The specific fallacy which I have not seen much addressed thus far in the public debate is that employees are somehow helpless victims of an employer who chooses to offer a choice of smoking in his business. It is disingenuous to claim that "employees deserve a healthy work environment." While no employer should negligently permit unnecessary risks in the workplace, it is a fact of life that every job carries with it intrinsic hazards, some more so than others. The compensation for working in that workplace must implicitly take those hazards into account, or the employer would not be able to hire any employees who were willing to subject themselves to the risks inherent in that workplace.

For example, the general public understands that those who choose to work in such occupations as the armed forces, firefighting, law enforcement, mining, or offshore drilling voluntarily assume greater risks to life and health as a part of their job than those who choose many other occupations, for example as an office worker. Other than the military, nearly every other occupation in our country permits each employee to evaluate on a daily basis whether he considers the benefits of his job (e.g., the pay) to outweigh the costs, including the health risks.

Indentured servanthood has been gone for a long time in our society. Nearly everyone who works in our country, including the Columbus and Bartholomew County area, has the daily freedom to leave a job whenever he comes to believe that the risks outweigh the benefits for him. I understand there are many compelling reasons for wanting to stay in a long-held job, including accrued vacation and benefits, but those must all simply enter into the daily cost-benefit analysis.

I grew up on a hog farm in nearby Rush County, so that brings an illustration to mind. We occasionally shook our heads in near-incredulity to hear the stories of city folk who, longing for a nice place in the country, knowingly selected property near a hog confinement operation for their new residence. Then, after a period of enduring the odors to which they had knowingly subjected themselves, they took the hog farmer to court to protest the very smells that had been there all along, usually since long before they ever decided to place themselves in that environment.

This is the same sort of pomposity I see in an employee (or a well-intentioned public servant who wishes to intervene on his behalf in exchange for a vote in the next election) who knowingly hires into a smoking environment, and then suddenly decides that he has a right to demand the employer provide him a different environment, rather than just voting with his feet and selling his services to someone else who will provide him a work environment with a cost-benefit ratio more to his liking.

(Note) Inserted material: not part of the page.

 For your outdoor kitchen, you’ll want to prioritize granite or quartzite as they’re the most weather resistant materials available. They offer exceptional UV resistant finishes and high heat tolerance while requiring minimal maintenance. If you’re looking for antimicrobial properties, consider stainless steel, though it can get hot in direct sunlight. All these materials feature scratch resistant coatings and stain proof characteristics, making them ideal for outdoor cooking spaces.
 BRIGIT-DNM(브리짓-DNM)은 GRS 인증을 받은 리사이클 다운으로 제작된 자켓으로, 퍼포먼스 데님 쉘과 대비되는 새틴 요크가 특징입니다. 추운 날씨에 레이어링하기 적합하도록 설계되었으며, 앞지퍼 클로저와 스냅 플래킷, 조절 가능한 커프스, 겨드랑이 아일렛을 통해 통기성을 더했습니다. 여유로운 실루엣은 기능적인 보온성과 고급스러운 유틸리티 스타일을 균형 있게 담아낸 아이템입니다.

Another option open to any employee is to politely negotiate with the employer before deciding to leave. Perhaps faced with losing one or more valued and experienced employees, some employers would suddenly find it in their own enlightened self-interest to voluntarily institute a no-smoking policy for the business. If not, asking the question has at least helped to clarify whether the employer with these priorities is really the one for whom you wish to work anyway.

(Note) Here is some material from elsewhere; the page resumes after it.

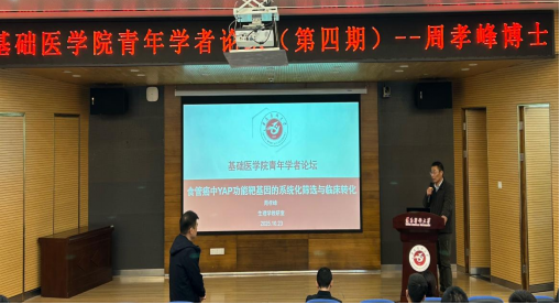 成功举办了第四期青年学者论坛。本次论坛由生理学教研室青年博士周孝峰主讲,主题为“食管癌中YAP功能靶基因的系统化筛选与临床转化”。色情a片
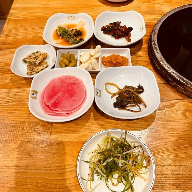 반찬으로는 김치, 나물, 그리고 고소한 전이 제공되는데, 이 모든 것이 조화롭게 어우러져 식사를 더욱 풍성하게 만들어줘요. 개인적으로는 고기와 함께 나오는 쌈장과 쌈채소가 정말 맛있었어요.

One of the sound bites playing on WCSI radio today in the story on the August 30 public forum was positively Orwellian. I did not hear who the man speaking was, but he said something to the effect that if the taxpaying members of the community were not voluntarily making "good" health choices (as he defines "good"), then he sees government's role as stepping in and forcing them to do so. This flies in the face of those like me who see one of government's primary roles as preserving the rights of liberty and private property.

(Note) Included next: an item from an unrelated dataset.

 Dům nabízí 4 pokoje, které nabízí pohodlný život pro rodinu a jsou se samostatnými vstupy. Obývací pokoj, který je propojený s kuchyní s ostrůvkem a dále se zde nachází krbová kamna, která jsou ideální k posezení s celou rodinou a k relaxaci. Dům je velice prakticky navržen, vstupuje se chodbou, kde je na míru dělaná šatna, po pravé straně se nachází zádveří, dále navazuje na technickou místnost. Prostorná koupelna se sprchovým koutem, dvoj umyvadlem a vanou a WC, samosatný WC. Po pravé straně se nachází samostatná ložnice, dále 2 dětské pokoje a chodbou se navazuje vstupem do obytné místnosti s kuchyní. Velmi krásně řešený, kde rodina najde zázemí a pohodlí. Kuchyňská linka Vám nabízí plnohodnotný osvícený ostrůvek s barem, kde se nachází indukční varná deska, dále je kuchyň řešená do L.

It reminds me of Benjamin Franklin's comment, "They that can give up essential liberty to obtain a little temporary safety deserve neither liberty nor safety." In this case, those giving up essential liberty are those seeking a little temporary safety from tobacco smoke by using the force of government to compel their neighbors to give up a measure of liberty.

While I am no fan of second-hand smoke, the loss of liberty, and the precedent it sets for further losses in the future for other perceived "public goods", is just not worth it.